Edict on bank interest not final

The Jakarta Post Jakarta

The ban against bank interest issued by the edict commission of the Indonesian Ulema Council (MUI) is not yet final, the council's chairman said on Saturday.

It would need approval from the MUI board of executives before it could take effect, according to MUI chairman Sahal Mahfudz.

"When it becomes an edict, then MUI is the authority that will issue it, not the edict commission," Sahal said in a post-Idul Fitri gathering in Semarang.

He said MUI would hold another meeting to discuss the edict, which was announced at the conclusion of the MUI national meeting in Jakarta last Wednesday. Sahal was absent from the meeting.

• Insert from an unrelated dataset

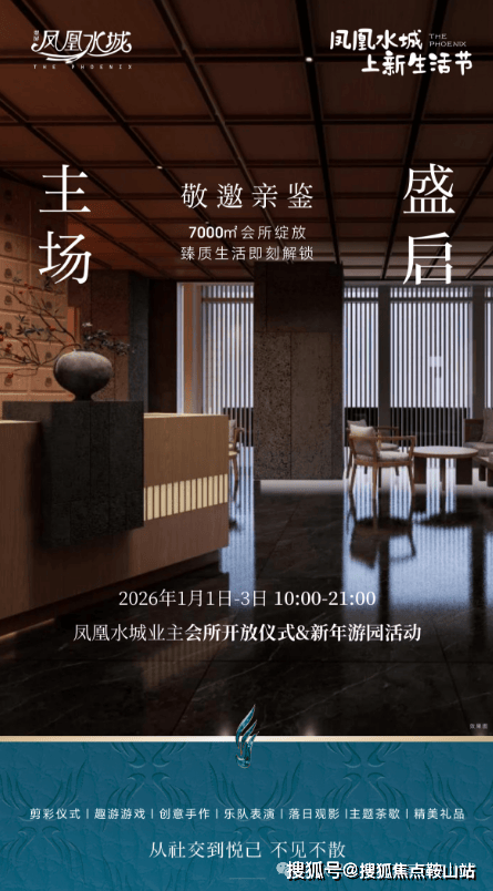 凤凰水城始终坚守初心,不做一次性的建筑交付,只愿与业主相伴成长。这份美好,今有新篇 ——7000㎡全新业主会所,2026 年 1 月 1 日正式开放!1 月 1 日 - 3 日,现场更有热闹游园活动。诚邀您与家人,共赴这场新年之约,启幕新岁的万般美好。

Sahal said the edict on bank interest was a non-binding agreement among ulemas or the MUI edict commission. Opposition voices were rife following the announcement of the edict, including from Muhammadiyah chairman Ahmad Syafii Maarif who said the edict would not be realistic.

According to Sahal, an edict would only be legally binding if it was approved by the National Sharia Council and the MUI.

Sahal, however, said the edict would not necessarily be revoked as it would not affect the entire banking system.

"The edict will only be applicable in areas where there are sharia banks. So, it shouldn't be a big deal," he said.

He urged the sharia banking sector to intensify its promotion of its existence so that the public became aware of it.

He said before the legitimate edict was issued, it would be up to the public to consider whether bank interest is haram (unlawful according to Islamic law) as the public had the right to choose according to their beliefs.